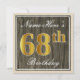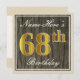 Elegant, Faux Wood, Faux Gold 68th Birthday + Name Invitation
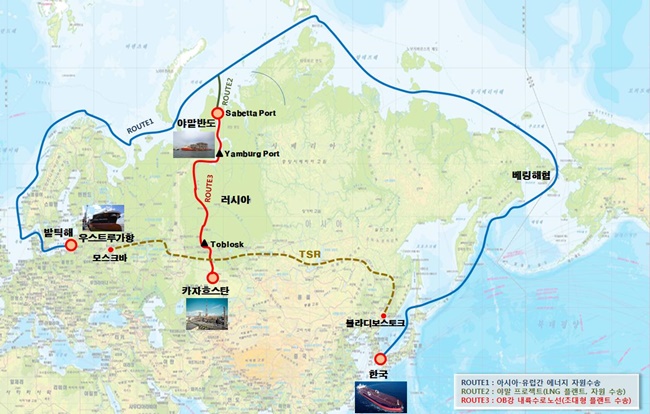 2년 뒤에는 첫 상업운항에 나선 CJ대한통운이 자사 중량물운반선을 투입, UAE(무사파항)-러시아(카메니항·야말반도) 노선에서 해상 하역설비를 운송했다. 지난해 7월15일에는 SLK국보가 북극항로-러시아 내륙수로를 연계한 새로운 수송로를 활용했다. 팬오션도 같은 해 자사 중량운반선을 이용, 야말프로젝트 LNG 플랜트 설비운송에 나선 바 있다.
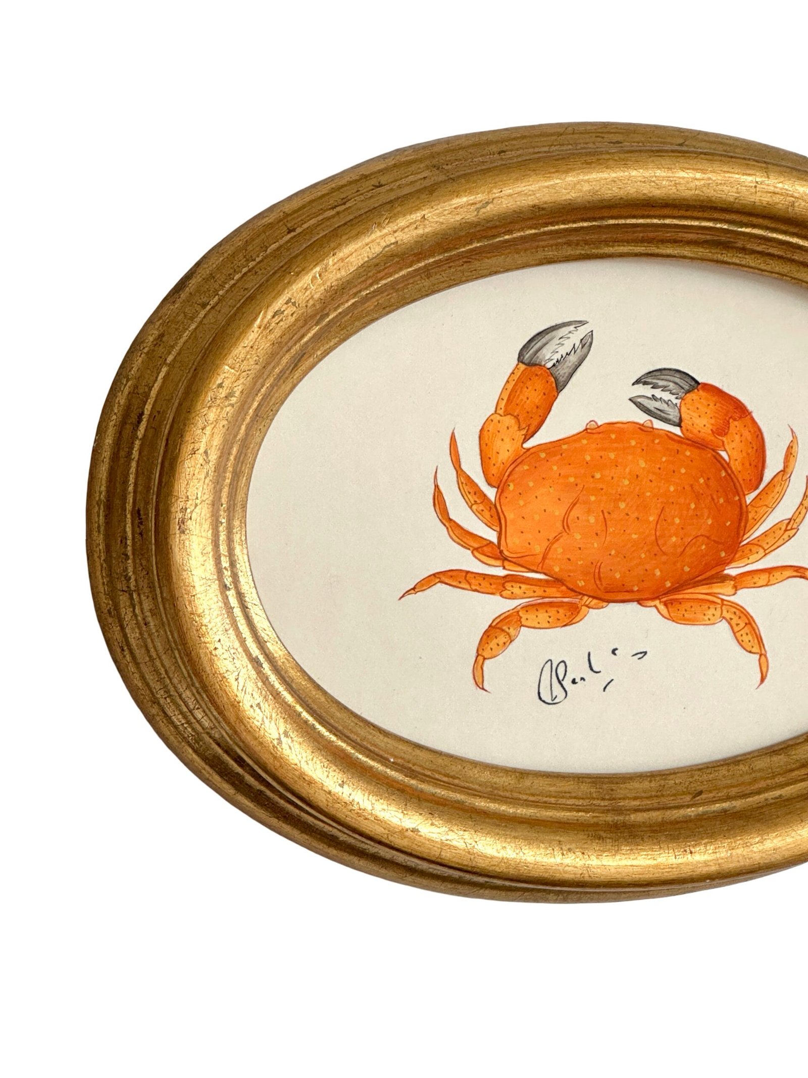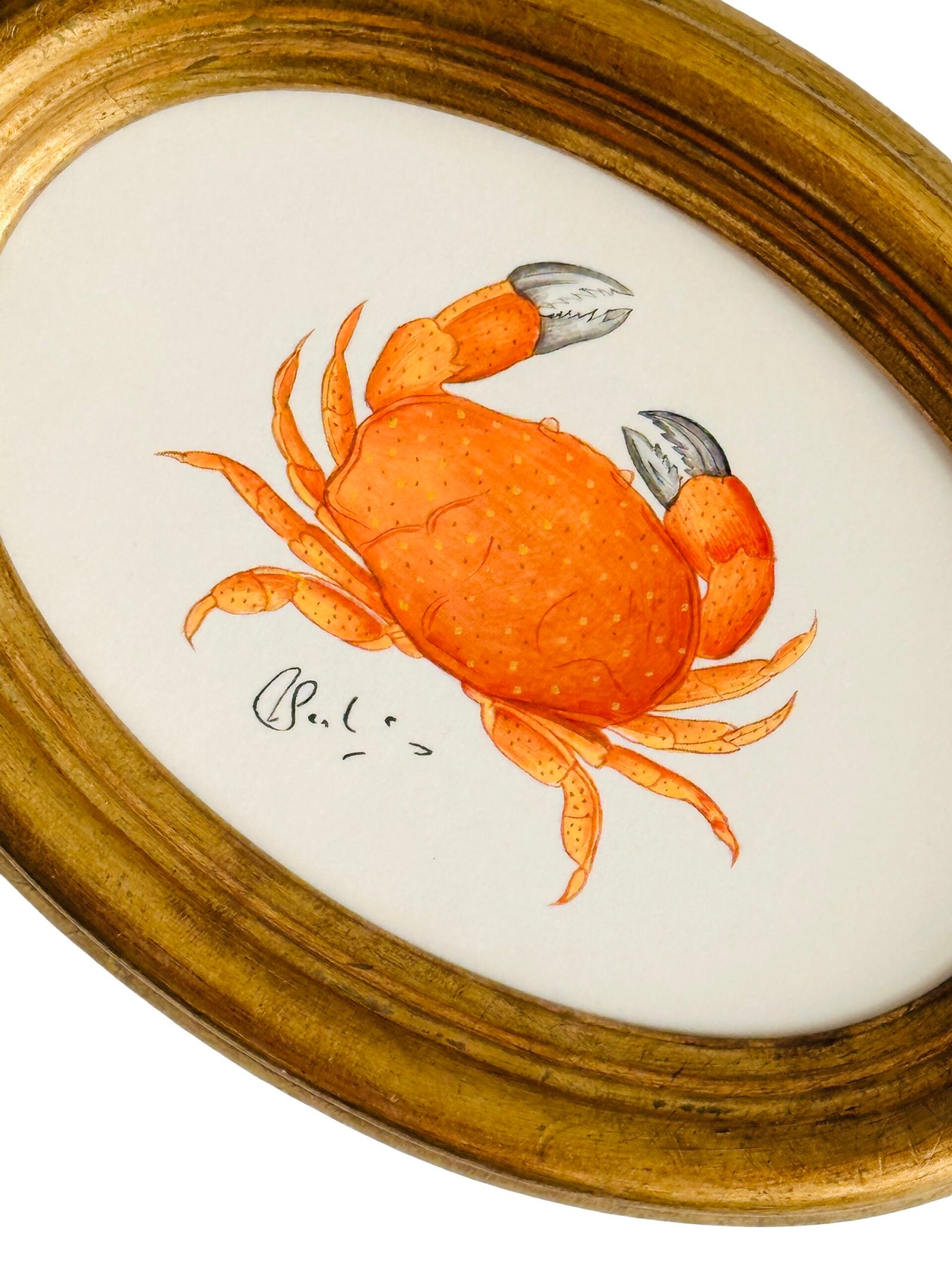 Hand-Painted Orange Crab Painting, Coral
----------
### To do
The expected output is the whole listing, word for word, minus its pictures.

### Problem solution
 Elegant, Faux Wood, Faux Gold 68th Birthday + Name Invitation
 2년 뒤에는 첫 상업운항에 나선 CJ대한통운이 자사 중량물운반선을 투입, UAE(무사파항)-러시아(카메니항·야말반도) 노선에서 해상 하역설비를 운송했다. 지난해 7월15일에는 SLK국보가 북극항로-러시아 내륙수로를 연계한 새로운 수송로를 활용했다. 팬오션도 같은 해 자사 중량운반선을 이용, 야말프로젝트 LNG 플랜트 설비운송에 나선 바 있다.
 Hand-Painted Orange Crab Painting, Coral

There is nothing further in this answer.